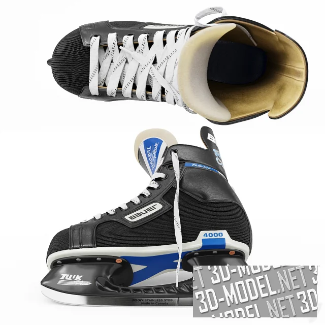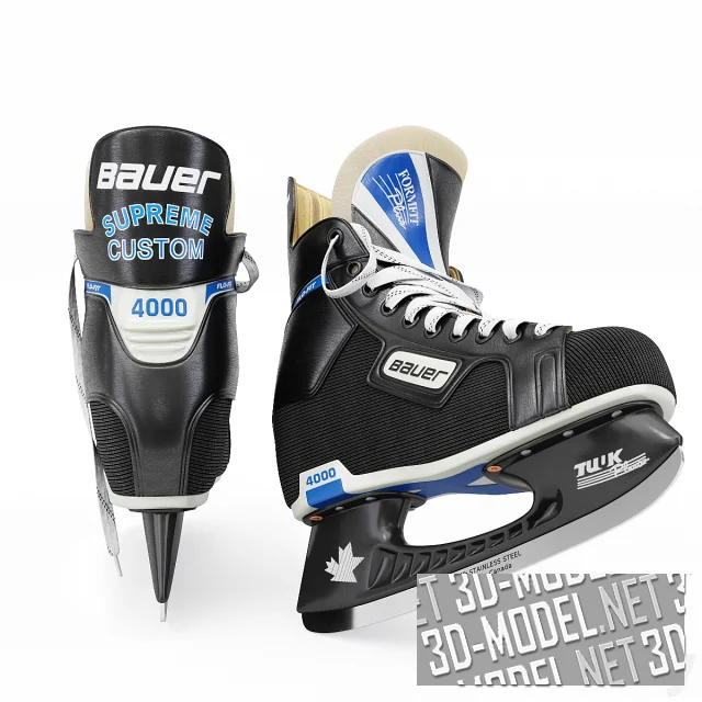 Профессиональная спортивная обувь для игры в хоккей на льду - коньки Bauer Supreme Custom 4000 Tuuk. Отделка черных ботинок скомбинирована из синтетической ткани и кожи, декорирована белыми и синими надписями. Шнурки белые, с двойным темным пунктиром. На лезвия коньков нанесена надпись: «Tuuk. STAINLESS STEEL. Made in Canada». Внутренние поверхности ботинок отделаны светлым материалом со следами ношения.
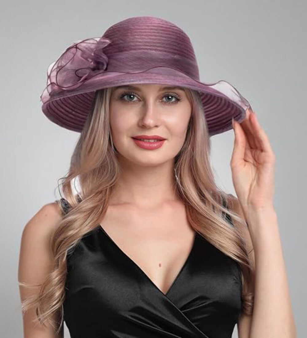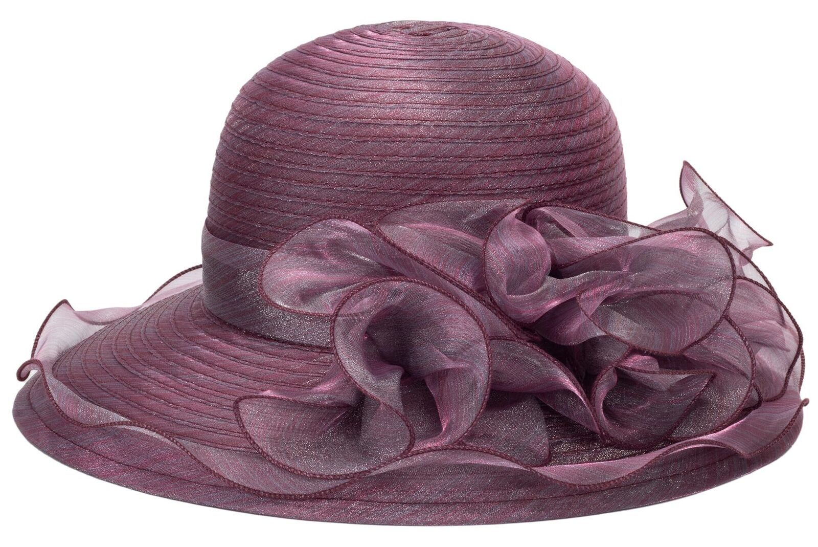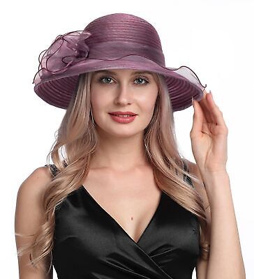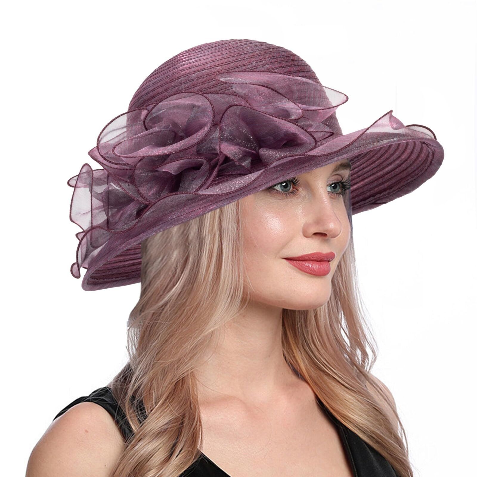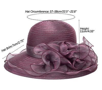 Color: Darky PurpleFeatures: Excellent Church Hats--- High quality organza, Polyester and Satin. Super lightweight High Quality will not make you feel heavy. Size for This Wide Brim Hat--- Size for the most women,This fascinator cap for women is suitable for head circumference 22inch ~22.8inch, Wide Brim 3.5 inch. Inside sweatband drawstring can adjustable to size-fit to your head. Double Layer Design--- organza and gauze, suitable for spring, summer , autumn. Wide brim, lightweight, elegant and charming designed, floral, mesh etc and you can decorate it for yourself. Leisure and formal integration, fantastic floral church hats for daily used. Perfect for wear a fancy event--- Wear to Wear to Church, Twenty's Parties or Picnics.Church hat, Wedding hat, Derby hat cap, floral organza Hat, Lady hat, Sun hat,summer hat, beach travel hat. Occasion:Church/Kentucky/Wedding/race day/Tea party/Twenty's Parties or Picnics. Great for ladies, teens and girls. Details: Description Cleaning and Maintenance--- For the first time using, Warmly suggest you use hair dryer to trim or steam ironing it ,make sure that the shapes of hat looks more high-end and elegant. Do not wash frequently. Please put it in dry and clean place if you don't wear.Package Dimensions: 12.1 x 11.1 x 5.2 inches
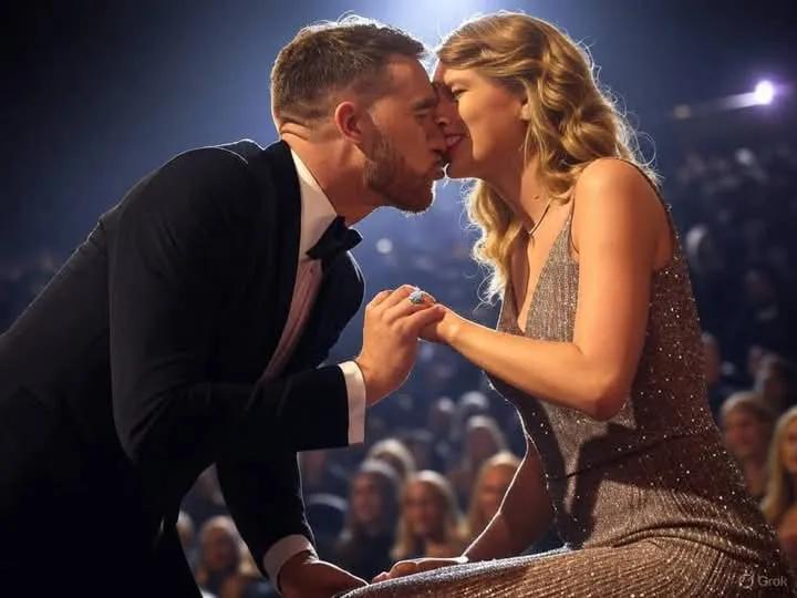 Taylor’s joy was palpable as she pulled Travis into a passionate kiss, sealing their engagement with love and adoration.
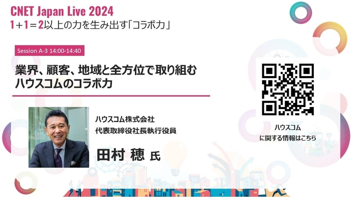 リアル拠点と不動産DXのシナジーでライフスタイルデザインを追求するハウスコム株式会社〔所在地:東京都港区、スタンダード市場 コード番号:3275、以下ハウスコムグループ〕の代表取締役社長執行役員 田村 穂は、2024年2月下旬に開催された朝日インタラクティブ株式会社主催のイベント「CNET Japan Live 2024」で、業界、顧客、地域と全方位で取り組むハウスコムの「コラボ力」をテーマに講演しました。その概要について、ご案内します。
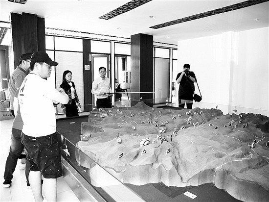 圖為該集團(tuán)董事長葉傳林(右二)在盧氏縣地圖沙盤前講解扶貧產(chǎn)業(yè)布局情況。

# Exercise directions
Transcribe every line of the data exactly. No pictures go in the copy.

# Finished task
 Профессиональная спортивная обувь для игры в хоккей на льду - коньки Bauer Supreme Custom 4000 Tuuk. Отделка черных ботинок скомбинирована из синтетической ткани и кожи, декорирована белыми и синими надписями. Шнурки белые, с двойным темным пунктиром. На лезвия коньков нанесена надпись: «Tuuk. STAINLESS STEEL. Made in Canada». Внутренние поверхности ботинок отделаны светлым материалом со следами ношения.
 Color: Darky PurpleFeatures: Excellent Church Hats--- High quality organza, Polyester and Satin. Super lightweight High Quality will not make you feel heavy. Size for This Wide Brim Hat--- Size for the most women,This fascinator cap for women is suitable for head circumference 22inch ~22.8inch, Wide Brim 3.5 inch. Inside sweatband drawstring can adjustable to size-fit to your head. Double Layer Design--- organza and gauze, suitable for spring, summer , autumn. Wide brim, lightweight, elegant and charming designed, floral, mesh etc and you can decorate it for yourself. Leisure and formal integration, fantastic floral church hats for daily used. Perfect for wear a fancy event--- Wear to Wear to Church, Twenty's Parties or Picnics.Church hat, Wedding hat, Derby hat cap, floral organza Hat, Lady hat, Sun hat,summer hat, beach travel hat. Occasion:Church/Kentucky/Wedding/race day/Tea party/Twenty's Parties or Picnics. Great for ladies, teens and girls. Details: Description Cleaning and Maintenance--- For the first time using, Warmly suggest you use hair dryer to trim or steam ironing it ,make sure that the shapes of hat looks more high-end and elegant. Do not wash frequently. Please put it in dry and clean place if you don't wear.Package Dimensions: 12.1 x 11.1 x 5.2 inches
 Taylor’s joy was palpable as she pulled Travis into a passionate kiss, sealing their engagement with love and adoration.
 リアル拠点と不動産DXのシナジーでライフスタイルデザインを追求するハウスコム株式会社〔所在地:東京都港区、スタンダード市場 コード番号:3275、以下ハウスコムグループ〕の代表取締役社長執行役員 田村 穂は、2024年2月下旬に開催された朝日インタラクティブ株式会社主催のイベント「CNET Japan Live 2024」で、業界、顧客、地域と全方位で取り組むハウスコムの「コラボ力」をテーマに講演しました。その概要について、ご案内します。
 圖為該集團(tuán)董事長葉傳林(右二)在盧氏縣地圖沙盤前講解扶貧產(chǎn)業(yè)布局情況。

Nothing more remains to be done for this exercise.